もう、あなたを愛したくありません〜ループを越えた物質主義の令嬢は形のない愛を求める〜
あの処刑の日から半年、ついに皇太子と伯爵令嬢の婚礼の儀が執り行われることとなった。
暗い事件が続いたあとの、英雄の祝い事は多くの民衆から祝福された。
なにせ花嫁は、共に皇都で魔獣と戦った伯爵令嬢なのだ。
――コン、コン。
軽やかなノックの音がする。
「あっ! 殿下がいらっしゃいましたね!」
ジュリアが弾むように扉まで飛んでいった。
「キアラ!」
正装姿のレオナルドが入って来る。いつもに増して凛とした彼の様子に、キアラの脈がどきりと跳ね上がった。

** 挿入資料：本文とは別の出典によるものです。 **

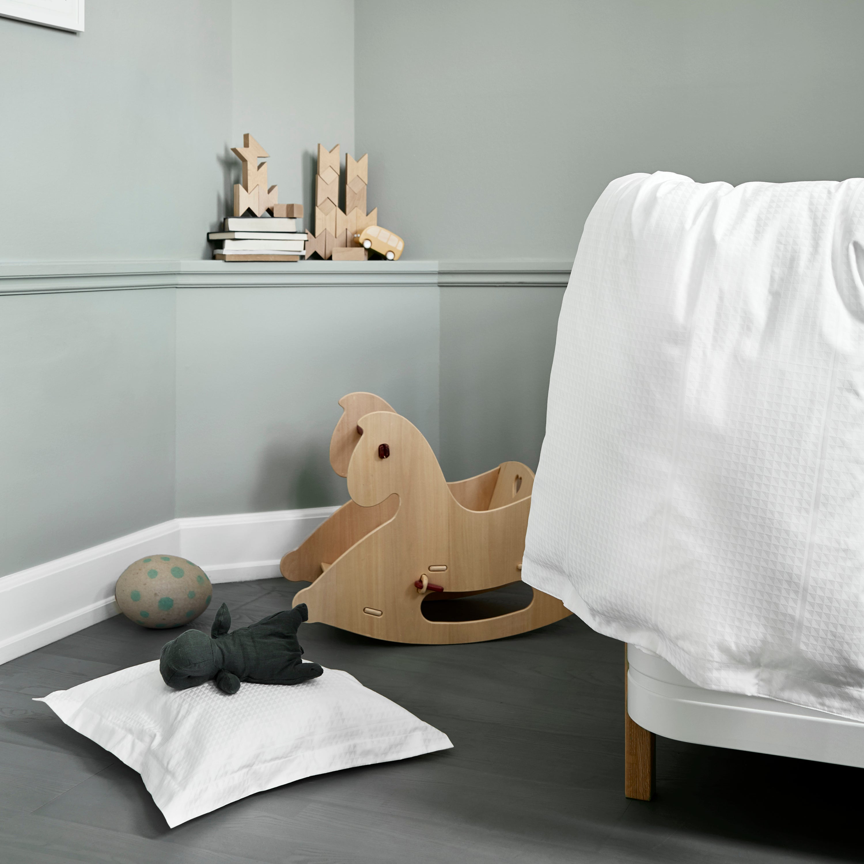 Georg Jensen Damasks Facet-sengetøy til familiens yngste har et stringent design og er damaskvevd i 100 % kammet bomull, som gir en myk og glatt overflate. Med Facet-designet bruker tekstilkunstneren Jette Nevers den klassiske damaskvevingen til å skape et elegant spill mellom lys og skygge.

沸騰したみたいに一瞬で顔が赤くなる。
「今日は一層綺麗だ」
皇太子が伯爵令嬢の手を取って、そっと口づけた。
「あ、ありがとうございます……」
彼女は赤い顔をもっと真っ赤にさせて、小さく頷く。
「君は帝国一美しい」
「っ……! もうっ、褒めすぎです!」
「ははっ、本当のことだ」
「……」
キアラは恥ずかしさで爆発しそうになって俯いた。
「ん? 飾りが少し曲がっているな」
レオナルドは、俯いた彼女の頭に優しく手を触れてパールの装飾を留め直す。
「これで良し」
「ありがとうございます」
「ああ」
「……」
「……」
レオナルドは黙ってキアラを見つめている。
愛しい婚約者を見るというか、何か物欲しそうな……?
「……何でしょう?」と、痺れを切らしたキアラが訊いた。
彼は真面目な顔をして、
「今日はチップはくれないのか?」
「えぇっ!?」
「チップだ、チップ」
キアラは一瞬目を丸くするが、結婚式直前なのにお茶目な婚約者がたまらなく愛おしくなって、
「では、チップです」
レオナルドの顎に軽く手を触れて、頬にそっとキスをした。
「っ……!」
戦闘ではあり得ないような不意の攻撃に、彼は顔を真っ赤にして身体を硬直させる。
彼女はくすりと笑って、
「レオ様にだけの、特別なチップですわ」
嬉しそうに片目を閉じた。
レオナルド嬉しさで数拍思考停止していたが、
「じゃあ、俺からも……」
キアラのピンク色の瑞々しい唇に、キスをした。
「お二人とも、時間ですよ」
「もう〜っ! ちょっと待ってください! キアラ様の口紅を直さなきゃ!」
アルヴィーノ侯爵とジュリアの言葉に、二人ははっと我に返る。
そして顔を見合わせ、照れくさそうに小さく笑いあった。
七度目の人生。
キアラは、形のない愛を知った。
レオナルドという、無限の愛を。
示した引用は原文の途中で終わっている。